Brooke Young Russell ‘99 is the lead conservator at EverGreene Architectural Arts. Combining arts and chemistry, Brooke specializes in architectural conservation in paint, working to preserve architecture in historic buildings and structures ranging from the Enoch Pratt Library to the Berlin Wall.
What is your proudest professional accomplishment?
It would definitely be the Enoch Pratt Library. The library has brought so much enlightenment. The building and its history are really unique.
We were brought in to do paint reveals and investigation. My colleague and I removed the current paint and under it found the historical decorative painting. We re-did all of the original paint to be historically accurate. We took the paint samples and looked under a microscope to get an understanding of what happens to paint over time in order to accurately match the colors. We were able re-create several of the rooms in that building.
I am also proud of the section we restored on the Berlin Wall. I was able to see the complexity of trying to preserve something that once was a divide that is now a symbol of freedom.

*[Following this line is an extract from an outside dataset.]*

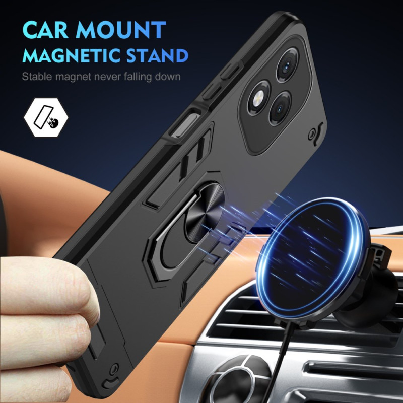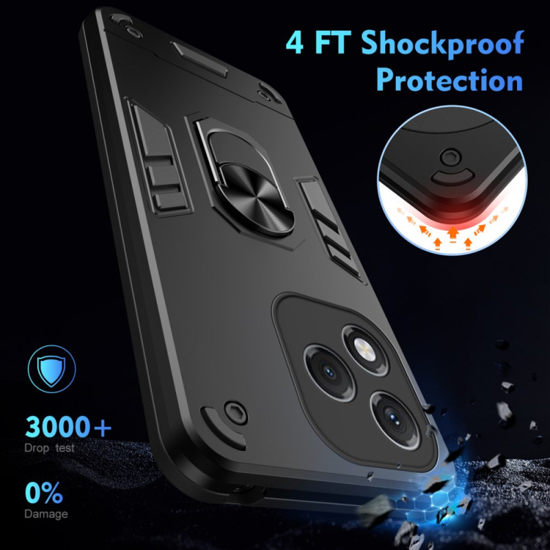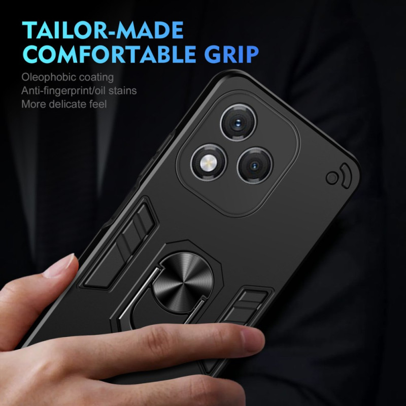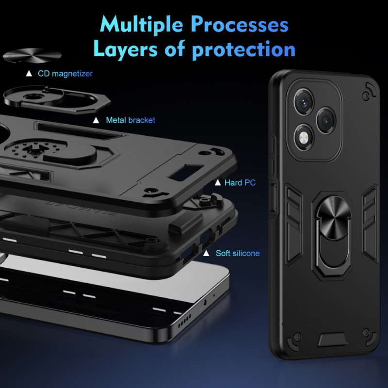 Protege tu Honor 400 Lite 5G con esta resistente funda con anillo de soporte giratorio 360°. Diseño anti-caída con materiales híbridos para una protección óptima. Compatible con soporte magnético para coche para un uso seguro.

What is most challenging about what you do?
The money is tough. You have to sacrifice yourself financially, so it’s important to love your job. Also, the failures. You can’t save everything, and it’s hard. Sometimes the project dies. Losing that history can be really sad.
What’s the most important lesson you learned from Garrison Forest?
B.J. McElderry really worked with me and taught me how to paint. I have never found a medium that I love as much as oil paint, and now I get to treat oil paint for a living. I credit B.J. for my career. She instilled in me the confidence to pursue what I love regardless of how much money I make.
GFS believed in me. The school helped build my self-esteem and character so much that when I got to NYU, I sat in front of the class and didn’t think about it. Our teachers knew that not every girl has a genius IQ, not every girl can run up and down the lacrosse field, but every girl was treated like she was important, and that was incredible.